You’ve just dropped your older daughter off at camp for the summer. Her younger brother isn’t quite ready for the camp experience and is staying at home with you. You may be concerned about how to ease their separation. Or you may be wondering how to assure your stay-at-home child that he shouldn’t feel left out of the fun, while not spoiling him at the same time.
What special things should you do or take into consideration for your younger child while your eldest is away, so that both take the separation in stride and enjoy their respective summer activities?
According to child and family therapist Bob Ditter, of Boston, MA, your younger child will, in fact, be likely to be missing his older sibling. In preparing for that likelihood, Ditter suggests taking a photo of your younger child and his older sibling together before the older one leaves for camp. Your younger child can refer to – and enjoy – the photo, perhaps in his bedroom, as a reminder that the day will soon come when the two of them will be together again.
As for how your youngest will feel during this period, Ditter points out that he will probably be feeling two emotions at the same time. He will miss the older sibling, but at the same time, enjoy the undivided attention from you. “Parents should pull for that healthier emotion of feeling connected to the sibling,” says Ditter, who recommends helping your children to maintain contact with each other while your older child is away.

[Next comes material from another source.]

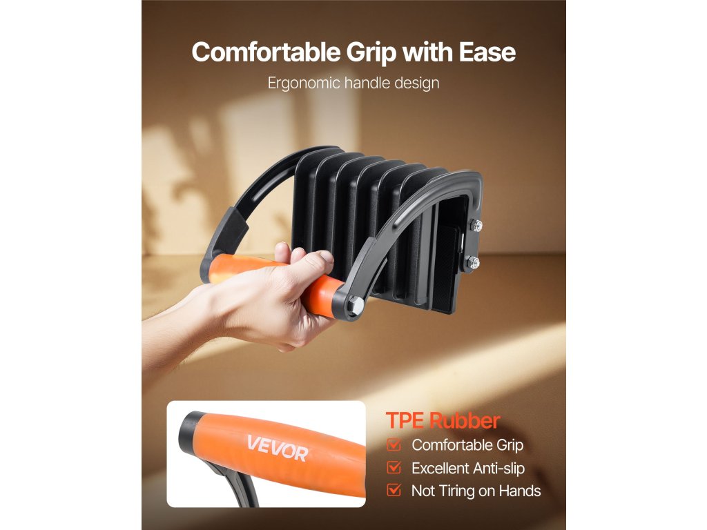 Az NBR gumibetétekkel ellátott rétegelt lemez hordozóeszköz biztonságosan a helyén tartja a deszkákat, megakadályozza a csúszást, és megvédi a felületeket a karcolásoktól. Hordozza magabiztosan!

Here’s one easy way to do that. Encourage the older child to write a letter from camp to her younger sibling. Children – like all of us – love to get something personal, just for themselves, in the mail.
Having said that, it’s often hard to get kids to sit down and write at camp, so a little nudge may be required. “You need to prime the pump,” says Ditter. He suggests preparing an envelope for your camper pre-addressed to your youngest. You might even consider pre-scripting a letter, writing down on a page ideas to trigger writing or a few simple phrases that require only filling in the blanks, such as, “My favorite activity at camp is......,” or, “On a hike today I saw.......”. With those prompts, your camper is more likely to write the note, in spite of all the other activities at camp. Your camper will enjoy mail from home, too, not only from you, but also from his brother or sister. Helping your younger child write a note to his or her sibling can reinforce the bond between the two, and no doubt will create a happy moment between you and your young one.
If you’re wondering if you should plan doing special activities with your stay-at-home child, Ditter counsels that it’s best to plan on business as usual. “All children are more caught up in the moment than adults,” says Ditter, “but younger kids especially so. Once their brother or sister is at camp, they can easily get back to their regular routine at home.”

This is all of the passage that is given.